== Segment start ==
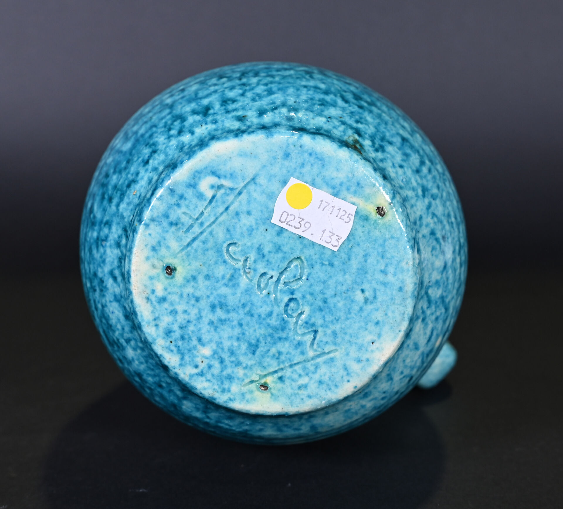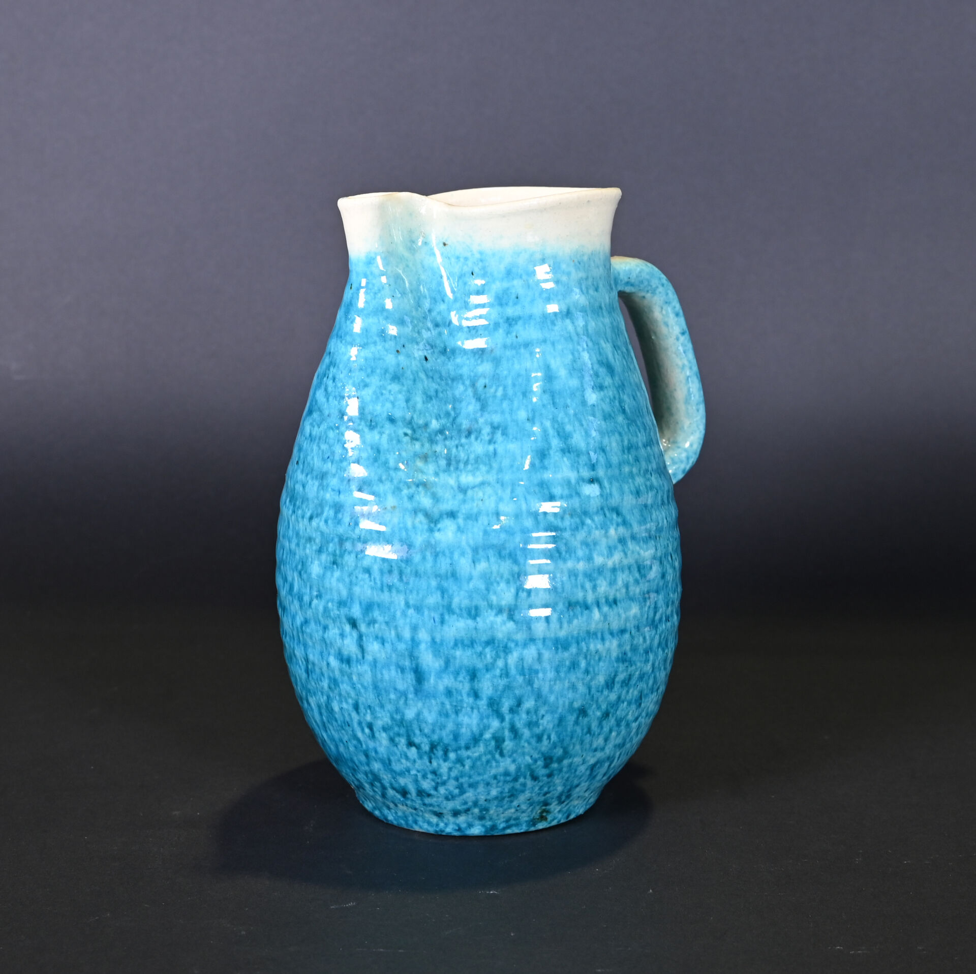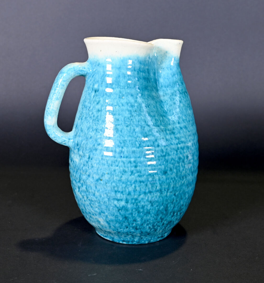 ACCOLAY. Verseuse en céramique côtelée émaillée d’un dégradé de turquoise. Marquée au dessous. Haut. : 24 cm.
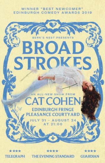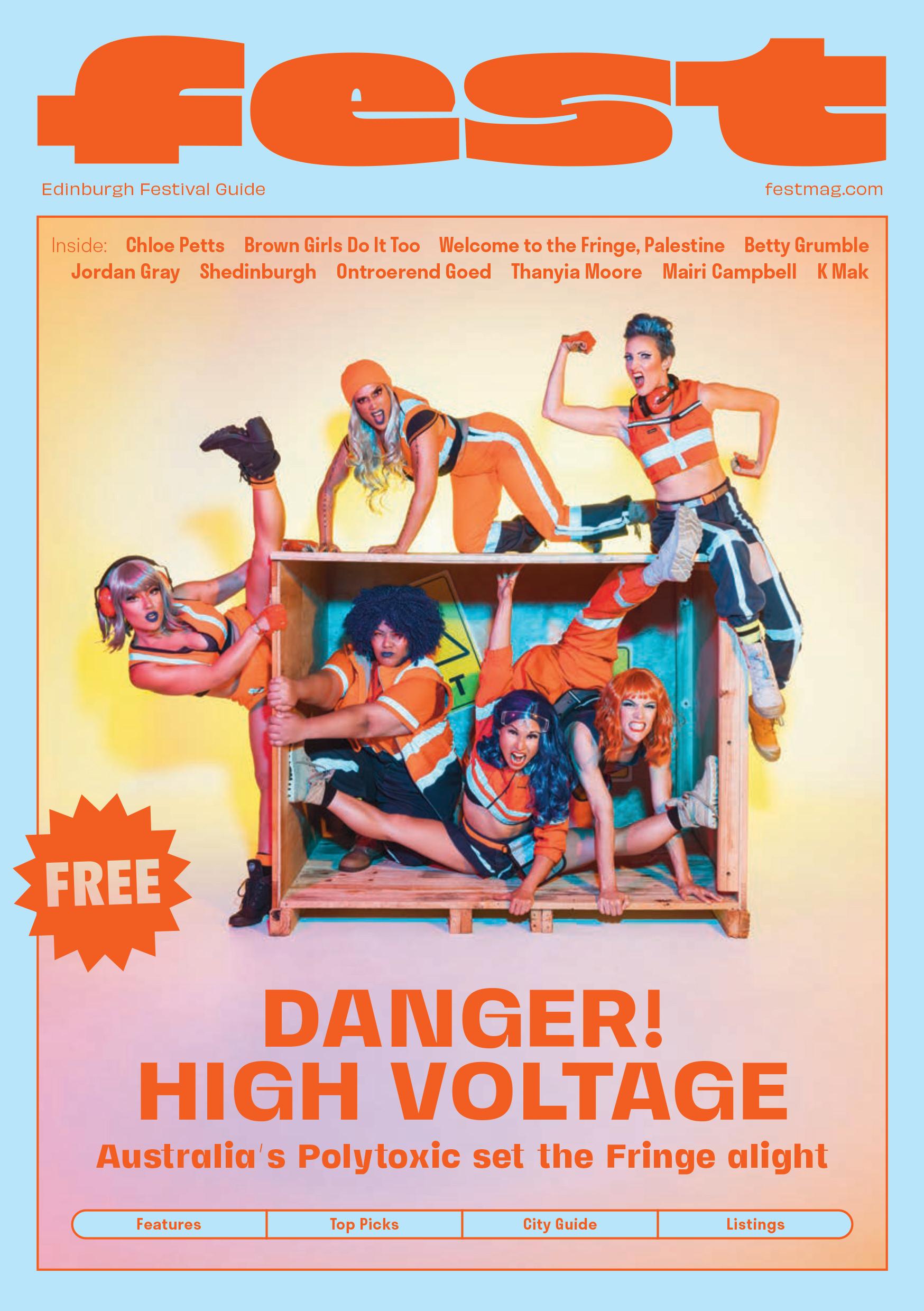With this firmly in mind, Fest’s Preview issue includes many fierce, formidable women – Jordan Gray, Thanyia Moore, Betty Grumble, Cat Cohen – all of whom return to the Fringe with shows that delve into everything from grief and personal growth to climate collapse and death threats, with plenty of humour and heart in tow. We’ve also got Rubina Pabani and Poppy Jay, hosts of the hit podcast Brown Girls Do It Too, former Best Newcomer award-winner
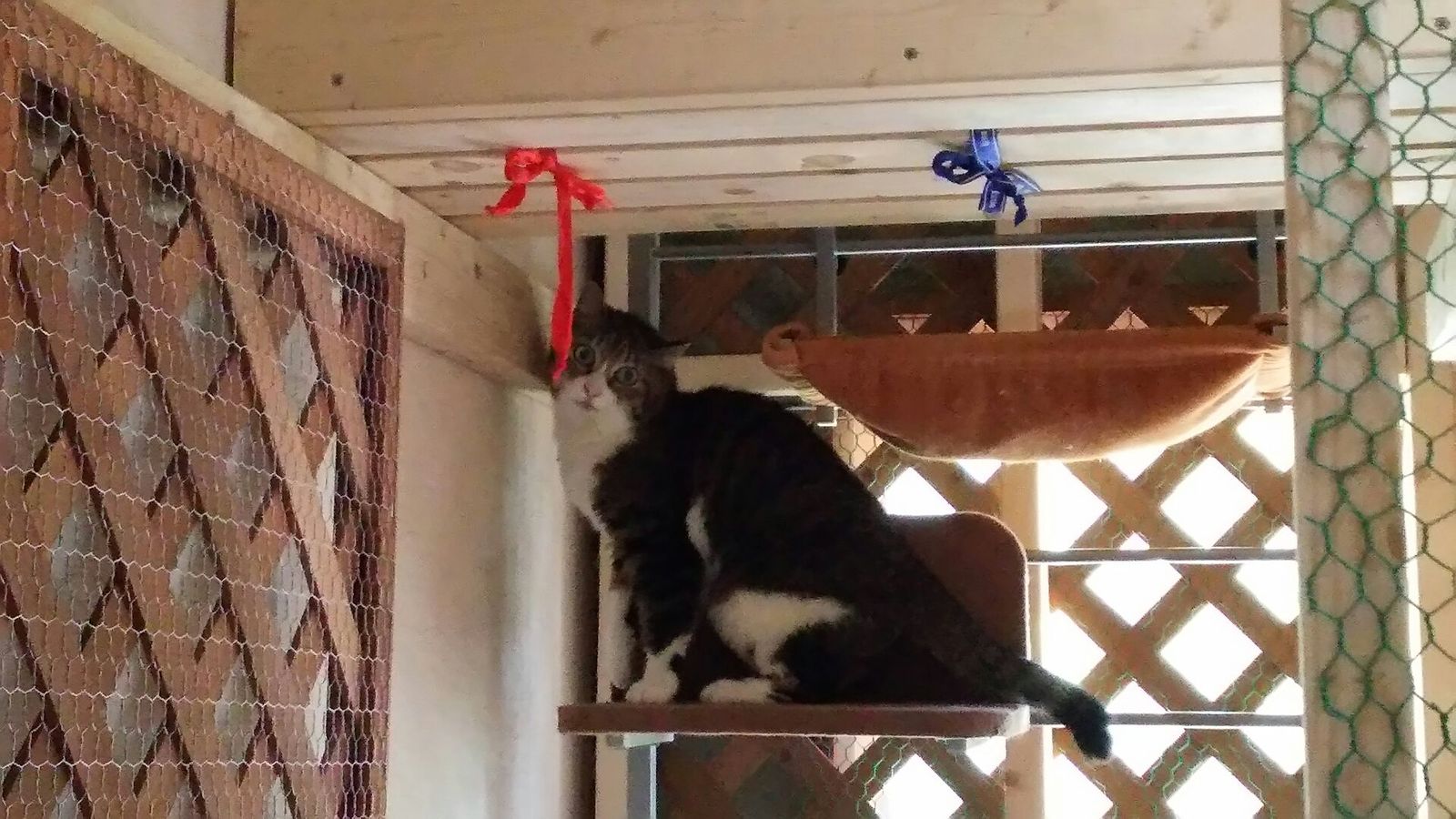 マリちゃんは下のハウスにいました。 スタッフが入っていくと上へ。 ホットカーペットを使ってくれているみたいです♪
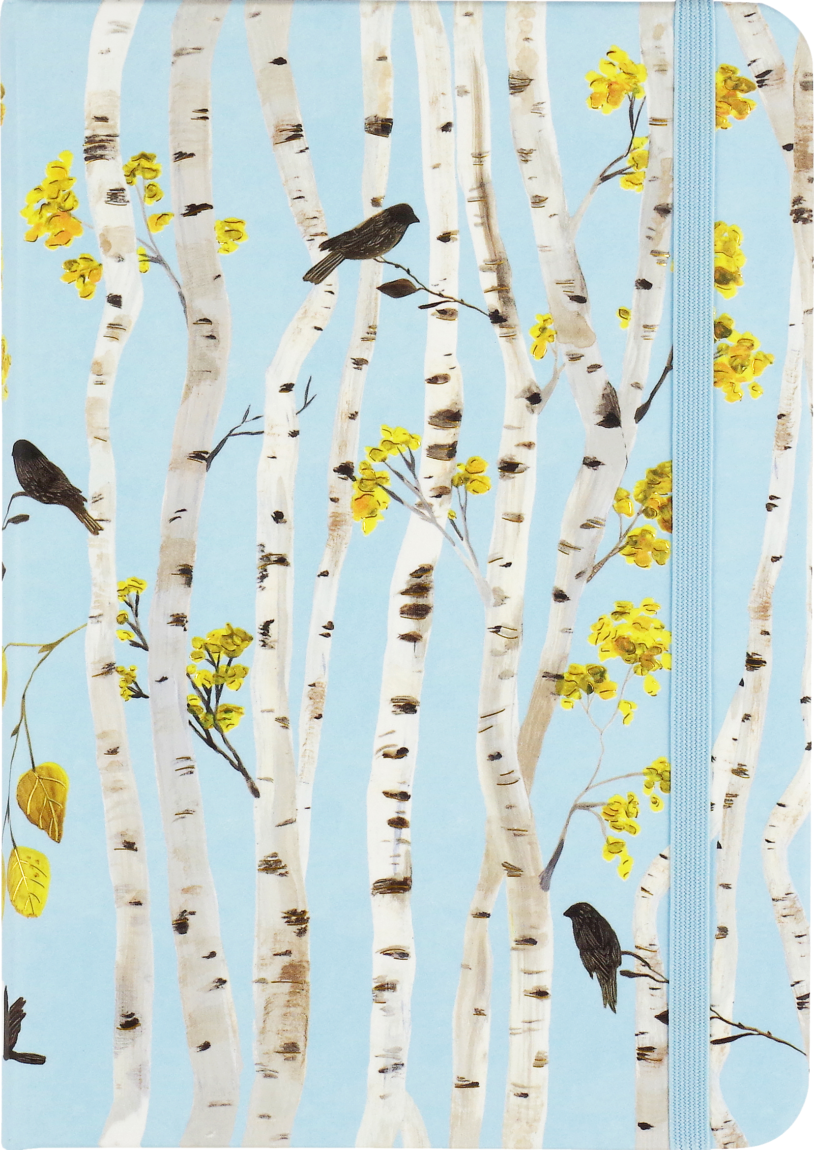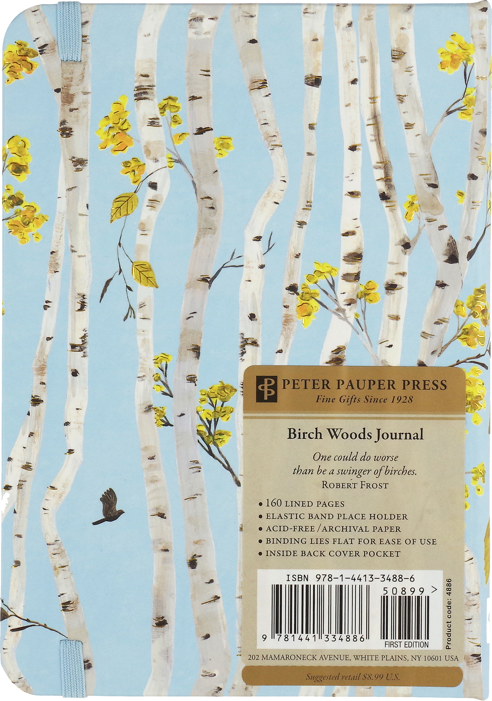 Lovely journal design depicts a birch forest enlivened with black birds. 160 crisp writing pages provide plenty of space for personal reflection, sketching, or jotting down favorite quotations or poems. Smooth-finish 120 gsm paper takes pen or pencil beautifully. Light gray lines subtly guide your writing. Paper is acid-free and of archival quality . Tuck notes, mementos, and more within the pocket inside the back cover. The matching elastic closure keeps it all together. Design is embossed and embellished with gold foil. Complementary interior endsheets enhance the design. Durable hardcover binding. Popular small-format size -- 5'' wide x 7'' high -- fits easily in most bags and backpacks.
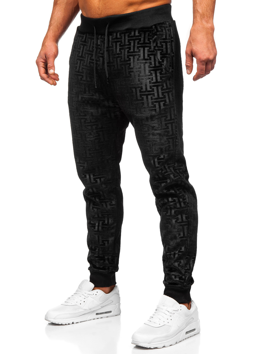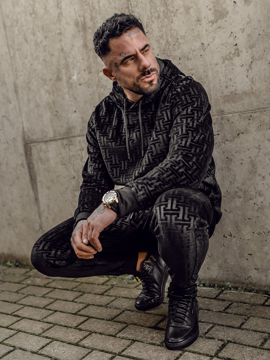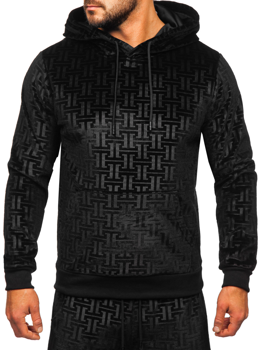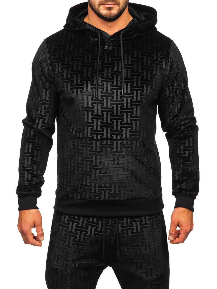 Fekete színű velúr férfi tréningruha kapucnival - Bolf 3A81- mega divatos sportos tréningszett. A szett egy pulcsit és egy nadrágot tartalmaz. A pulcsi állítható kapucnival és kenguruzsebbel rendelkezik. A nadrág állítható derékban erős megkötővel és szűkítővel és külső zsebekkel rendelkezik. Sportos jelleget az egyenes, testhezálló fazon biztosít. Finom, kellemes tapintású anyagból készült termék. Velúr tréningruha, különleges ajánlat a hétköznapi és a sportos stilizációkhoz. A melegítőfelső és a nadrág jól párosítható különböző ruhadarabokkal, ami széles lehetőségeket kínál a mindennapi stilizációk létrehozásához. A szett nagyszerűen mutat pólóval és mellénnyel!
== Segment end ==
# Exercise:
Repeat each entry exactly as given; no pictures belong in the copy.

# Your solution:
 ACCOLAY. Verseuse en céramique côtelée émaillée d’un dégradé de turquoise. Marquée au dessous. Haut. : 24 cm.
With this firmly in mind, Fest’s Preview issue includes many fierce, formidable women – Jordan Gray, Thanyia Moore, Betty Grumble, Cat Cohen – all of whom return to the Fringe with shows that delve into everything from grief and personal growth to climate collapse and death threats, with plenty of humour and heart in tow. We’ve also got Rubina Pabani and Poppy Jay, hosts of the hit podcast Brown Girls Do It Too, former Best Newcomer award-winner
 マリちゃんは下のハウスにいました。 スタッフが入っていくと上へ。 ホットカーペットを使ってくれているみたいです♪
 Lovely journal design depicts a birch forest enlivened with black birds. 160 crisp writing pages provide plenty of space for personal reflection, sketching, or jotting down favorite quotations or poems. Smooth-finish 120 gsm paper takes pen or pencil beautifully. Light gray lines subtly guide your writing. Paper is acid-free and of archival quality . Tuck notes, mementos, and more within the pocket inside the back cover. The matching elastic closure keeps it all together. Design is embossed and embellished with gold foil. Complementary interior endsheets enhance the design. Durable hardcover binding. Popular small-format size -- 5'' wide x 7'' high -- fits easily in most bags and backpacks.
 Fekete színű velúr férfi tréningruha kapucnival - Bolf 3A81- mega divatos sportos tréningszett. A szett egy pulcsit és egy nadrágot tartalmaz. A pulcsi állítható kapucnival és kenguruzsebbel rendelkezik. A nadrág állítható derékban erős megkötővel és szűkítővel és külső zsebekkel rendelkezik. Sportos jelleget az egyenes, testhezálló fazon biztosít. Finom, kellemes tapintású anyagból készült termék. Velúr tréningruha, különleges ajánlat a hétköznapi és a sportos stilizációkhoz. A melegítőfelső és a nadrág jól párosítható különböző ruhadarabokkal, ami széles lehetőségeket kínál a mindennapi stilizációk létrehozásához. A szett nagyszerűen mutat pólóval és mellénnyel!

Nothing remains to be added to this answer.